How to better grok the “curse of dimensionality”?

Question

I've sort of stumbled onto this topic organically and now I'm rather curious. In the context of building a recommendation system, I understand the concept of a high dimensional space made of vectors, and how cosine similarity is a way to derive similarity between vectors regardless of their magnitude.Naturally I was curious about using simple distance-based calculations instead, and I'm hearing about the curse of dimensionality. I think I sort of get it but only on a surface level, not very deeply.I'm also curious if it's possible to take any high dimensional space and somehow convert it into a weighted graph instead? And if there are recommendation/similarity systems based on this approach instead, and basically how all of this works in general at a holistic level.I find 3Blue1Brown's videos (like https://www.youtube.com/watch?v=WUvTyaaNkzM) to be so good at explaining subject matter.

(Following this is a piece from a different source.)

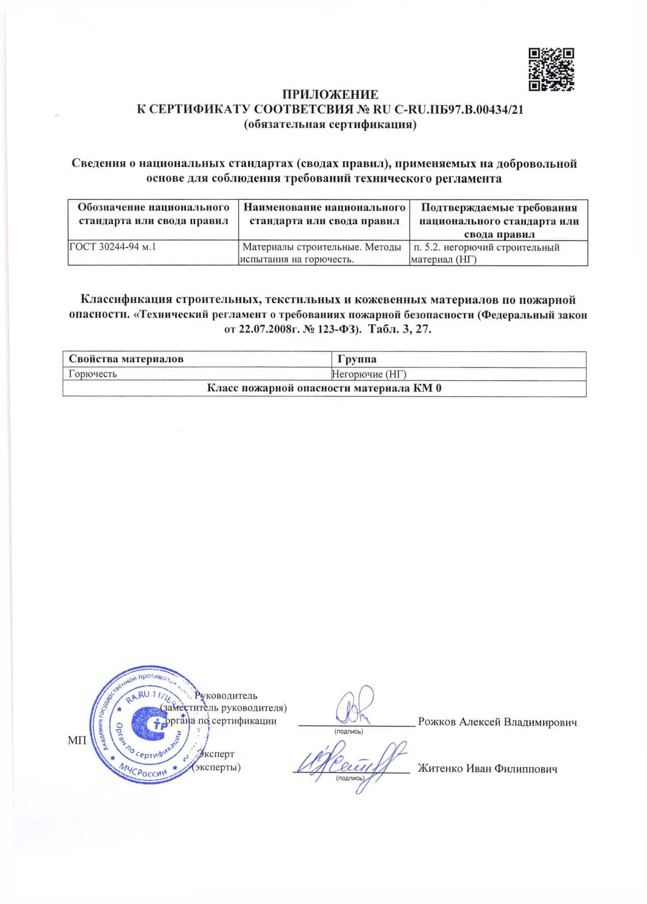 Сертификаты пожарной безопасности

Is there anything in this format that really helps illustrate all of this new material I'm referring to?

bjourne · Accepted Answer

Distances grows as dimensionality grows is the curse of dimensionality. Imagine you have a circle with unit radius inscribed in a square whose sides are 2. The circle's area is pi, so pi/2^2 = 79% of all points in the space [-1,-1]-[1,1] are less than unit distance away from origin. For a sphere inside a cube the fraction is (4*pi/3)/2^3 = 52%, for a hypersphere it is (pi^2/2)/2^4 = 31%, and so on. As the number of dimensions grows the fraction approaches zero. E.g. only 0.25% of all points are inside the 10-dimensional sphere. So the distance between two random points in a high-dimensional space is likely large. Thus, modelling documents as high-dimensional vectors breaks down because they will be distant from each other and therefore dissimilar even though they may be "similar" to a human.One way to get around this is to take the cosine of the angle between the documents' respective vectors. While this often works better than the Euclidean distance, it is also affected by the curse of dimensionality. Afaik, there is no good way to work around the curse of dimensionality and similarity metrics not using vector representations often work better in practice. For example, one can model documents as bag-of-words and divide the size of the intersection with the size of the union.

esalman · Answer

I first encountered this in my machine learning class in the context of solving ridge regression or SVM.
Simply put, when performing SVM you want to find a plane that minimizes the sum of its distance from coordinates belonging to two classes. The coordinates can be very high dimensional, which makes the minimization problem hard (primal formulation: $y = w^Tx + b$, w being the weights you need to estimate, which is equal to a very high dimension).
With help of the Lagrangian of the primal formulation, you can show that $x' ~ w^Tx + b ~ ayx^Tx + b$. So instead of having to estimate a very high number of w's, you can do away with only estimating the dot product x^Tx, which is limited by the number of inputs. This is the kernel trick you can use to avoid the curse of dimensionality.

abecedarius · Answer

Why don't you try explaining what it is you find puzzling, yourself? That's not clear to me from your questions.

nextworddev · Answer

As you add more criteria, it becomes harder to find the result you are looking for.